Elkhart County residents meeting during a focus group in order to discuss concerns related to early childhood education and kindergarten readiness. Photo provided
Elkhart County residents meeting during a focus group in order to discuss concerns related to early childhood education and kindergarten readiness. Photo provided
ELKHART — Horizon Education Alliance (HEA), Crossroads United Way, Community Foundation of Elkhart County and The Source Elkhart County are looking at kindergarten readiness scores and how to improve them with enFocus.

“Our kids are not scoring as well as we would like them to score,” enFocus Innovation Fellow Rosannah Mack said. “In fact, more than half of them are not ready based on those skills.”

In the fall, teachers assess six nonacademic factors to school readiness, including physical readiness like holding still and playing well with others.

Mack explained that in regards to childcare and early learning, teachers can tell on the first day of school, which students have attended preschool and which have not. Teachers told them that students will often be caught up by the end of fifth grade.

“It sounded to me when we interviewed them that there is a little extra time that has to be spent on some of those things that could have been learned in preschool instead of hitting the gate with what needs to be done in the kindergarten year,” Mack said.

Elkhart County is generally middle or lower in other indicators revolving around education, Mack said, but the state of Indiana does not have a standardized kindergarten readiness evaluation system, so HEA has been developing one of its own. HEA’s assessment said that as much as 58% of kindergartners appear to not be ready for kindergarten, because they did not meet the six indicators.

“The pandemic brought this to the forefront of everyone’s mind,” Mack said. “There’s a lot of grant dollars and support all over not just Indiana, but the United States for supporting early childhood and families. Everybody’s sort of in it together at this moment.”

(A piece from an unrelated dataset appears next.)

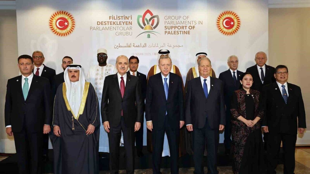 Cumhurbaşkanı Erdoğan, İstanbul Beşiktaş’ta bir otelde düzenlenen "Filistin’i Destekleyen Parlamentolar Grubu" toplantısına katıldı. Burada bir konuşma yapan Erdoğan, Filistin’i destekleyen parlamentolar grubunun her bir mensubuna yürekten teşekkür ettiğini belirterek, "Burada şu gerçeği tekrar hatırlatmak isterim. Filistin davasını savunmak sadece mazlum bir halkı savunmak değildir. Filistin’i savunmak insanlığı, barışı ve adaleti savunmaktır. Filistin davası yaklaşık bir asırdır her türlü zulme, barbarlığa ve katliama maruz kalmış bir halkın haysiyet davasıdır. Tüm bunlarla birlikte Filistin davası özü itibarıyla insan olma, insan kalma mücadelesidir. Müslümanların yanı sıra vicdan sahibi her insanın meselesidir. Elbette bu dava bir siyasetin de ötesinde bir vicdan meselesidir. Bugün burada bulunan siz kardeşlerim aslında bunu yapıyorsunuz. Duruşunuzla sadece Filistin’i ve Filistin halkını değil, insanlığı ve insani değerleri de savunuyorsunuz. Zulme karşı susmayarak, baskılara boyun eğmeyerek tüm insanlığa adeta nefes oluyorsunuz" dedi.

Despite that, Mack said it’s an issue that’s been a problem for a long time. In fact, in 2017 only 38% of Elkhart County kindergartners met all six indicators, meaning 62% did not. It’s an improvement, but not enough.

“We realize that it’s big,” Mack said. “It’s systematic. It’s not just the school’s problem, business, or childcare problem. It’s bigger.”

The groups brought in national experts from Tamarack company and local innovation organization enFocus to discover why and create change in Elkhart County. Organizations reach out to enFocus to help them with projects by working on the aspects they don’t have the time or resources to complete themselves.

In fall and winter of 2021, after the numbers were gathered, stakeholders began to meet in order to determine what Elkhart County looked like and what it should look like. The main stakeholders at meetings were parents.

“The lead partners really want parents to be at the center — they’re our kids, right?” Mack said. “Parents in Elkhart County want to be involved, they want to do what’s best for their children.”

They sat with nine mostly parent focus groups to determine what parents believe to be the pitfalls of kindergarten readiness in their homes and communities.

“There was a lot of insurance issues,” Mack said. “They wanted help navigating insurance and Medicaid and those situations, but even parents with business or commercial insurance had trouble knowing what was going to pay when and navigating all of that.”

Another concern parents expressed is knowing what appropriate child development and meeting milestones look like.

“The parents would say ‘I go to my doctor for some of these questions to be answered, but I only get 10 minutes with them and sometimes it’s a pamphlet that’s given out so quick and I don’t get these questions answered,” Mack added.

Parents also told focus group leaders that they couldn’t get seats for their children at daycares.

“The childcare and early learning focus group is really looking at how you support new childcare providers as businesses coming up into the system so that we can open more seats and have more availability for kids to get quality childcare and good preschool and early learning before they move on to kindergarten,” Mack said.

Parent focus groups more specifically expressed concerns about finding childcare that supported their family values, she said.

“Rural is much different than what City of Elkhart values in childcare,” she said. “That’s a unique thing about Elkhart County, but there aren’t enough childcare seats that fit those requirements for parents.”

Family support was also addressed. CAPS, Oaklawn and The Source were topics of discussion.

Housing and safe places to play also came up in most focus groups.

“All of them wanted something for their kids to do for free in the winter,” Mack continued.

In the summertime, safety in neighborhoods, where parents didn’t feel safe going to the community parks, or feel they had safe places to live including risks of lead poisoning, the cost of housing, transportation, and more were addressed.

“If you don’t have the transportation you can’t get to the doctor’s office; you can’t go to a job interview. If you don’t have childcare, you can’t go to a job interview; so how do you get a job without childcare that isn’t available without transportation?” she said. “It just becomes a really big-system, society issue.”

In May, enFocus met with childcare, healthcare and school administrators and teachers to set up action teams, which are working this summer to decide strategies.

They know they’ll focus on three basic areas: maternal and childhood health, childcare and early learning, and family support, and set up action teams for each area. The action teams will have three sessions over the summer and then in late October or early November, they’ll meet with the community to discuss their findings.